The Object-Oriented Database System Manifesto from 1995 is still the main reference for the core features of an OO database. So let's examine (admittedly, a bit crudely) that paper's defining list and see how it applies to HyperGraphDB:
  1. Complex Objects built from simpler ones by applying constructors to them. HyperGraphDB has that - type constructors are fundamental to representing complex values.
  2. Object Identity an object has an existence which is independent of its value. This means one can change the value while preserving the identity. The authors note " that identity-based models are the norm in imperative programming languages: each object manipulated in a program has an identity and can be updated. This identity either comes from the name of a variable or from a physical location in memory. But the concept is quite new in pure relational systems, where relations are value-based." HyperGraphDB has identity at its very basis: the atom handle is like a memory location in a universal addressing space. Atom identity in HyperGraph is in fact more fundamental than anything else.
  3. Encapsulation, which in a database context is taken to mean "that an object encapsulates both program and data". This is supported via Java. When storing Java objects, the current implementation does not store the program part (the bytecode of a class' methods) because there's no really a need for it. Naturally, this wouldn't be hard to achieve with a different set of type constructors that do store the program. In fact, this is something that we plan to do with Seco.
  4. Types and Classes - the system should offer some form of data structuring mechanism, be it classes or types. Thus the classical notion of database schema will be replaced by that of a set of classes or a set of types. The distinction between types & classes comes into play mostly at the Java level (HyperGraphDB's "host language" at the moment). Nevertheless, HyperGraphDB's types cover both the notion of a class as a factory of objects with a well-defined extent and of a type as a semantic notion obeying certain composition rules. The core notion of substitutability is expressed with HGSubsumes links. More extensive checking and enforcement is something left for actual type & type constructor implementations.
  5. Class or Type Hierarchies with various forms of inheritance being distinguished by the authors - substitution, inclusion, constraint and specialisation.

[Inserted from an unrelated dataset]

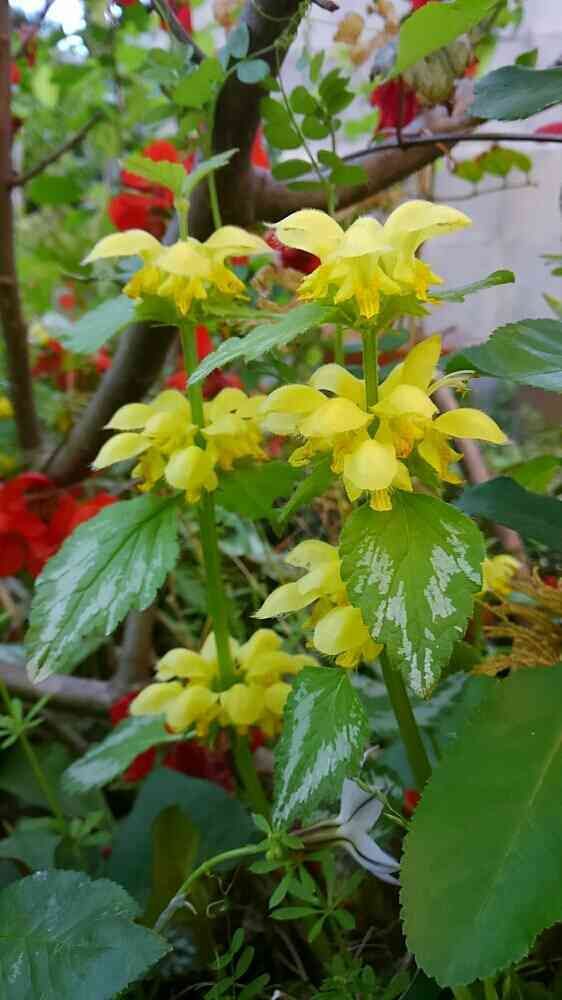 ボケの木の根元でひっそり咲くラミウムの花。さわやかなレモンイエロー💗💗

HyperGraphDB has a type hierarchy with multiple inheritance via multiple HGSubsumes links between types, but it doesn't make such fine-grained distinctions between the different kinds. Such distinctions are left open to the application. When mapping Java classes to HyperGraphDB types, the HGSubsumes link created between a class and its parent corresponds to "specialisation inheritance". A HGSubsumes link between a class and an implemented interface may correspond to any/all of the other kinds.
  6. Overriding, overloading and late-binding are notions at the programming language level that usually apply to operations rather than data and as such are supported only to the extent that HyperGraphDB is being used from an OO language (Java). At the data level, we note that an object property is always fully stored, regardless of its declared type. For instance, if a bean has a property of declared type A, but the actual value is of a subclass B, B will be used as the stored type instead of A. So overriding is supported. In addition, HyperGraphDB supports properties with the same name but different types within a single record: one could have a property "x" of type int and a property "x" of type String within the same complex type. So, overloading is supported as well!
  7. Computation Completeness is required, but the authors "are not advocating here that designers of object-oriented database systems design new programming languages: computational completeness can be introduced through a reasonable connection to existing programming languages"... which HyperGraphDB does, again via the JVM.
  8. Extensibility is required in the following sense: there is a means to define new types and there is no distinction in usage between system defined and user defined types. HyperGraphDB's type system is open and extensible from the very high-level type-constructor-constructors...down to the primitive types which could be replaced as well. So this requirement is met with applause.
  9. Persistence should be orthogonal, i.e., each object, independent of its type, is allowed to become persistent as such (i.e., without explicit translation). It should also be implicit: the user should not have to explicitly move or copy data to make it persistent. Yep, check-mark, we've got it.
  10. Secondary storage management with "clear independence between the logical and the physical level of the system". Check-mark here too.
  11. Concurrency - yes.
  12. Recovery - yes, thanks to the very reliable BerkeleyDB.
  13. Ad Hoc Query Facility which lets you express non-trivial queries concisely, is efficient and it's application independent. HyperGraphDB meets that requirement, but not with flying colors at this point. More mature DBs have better querying capabilities and we hope to get there soon.
In conclusion, HyperGraphDB is a full-fledged OO database according to the most official definition.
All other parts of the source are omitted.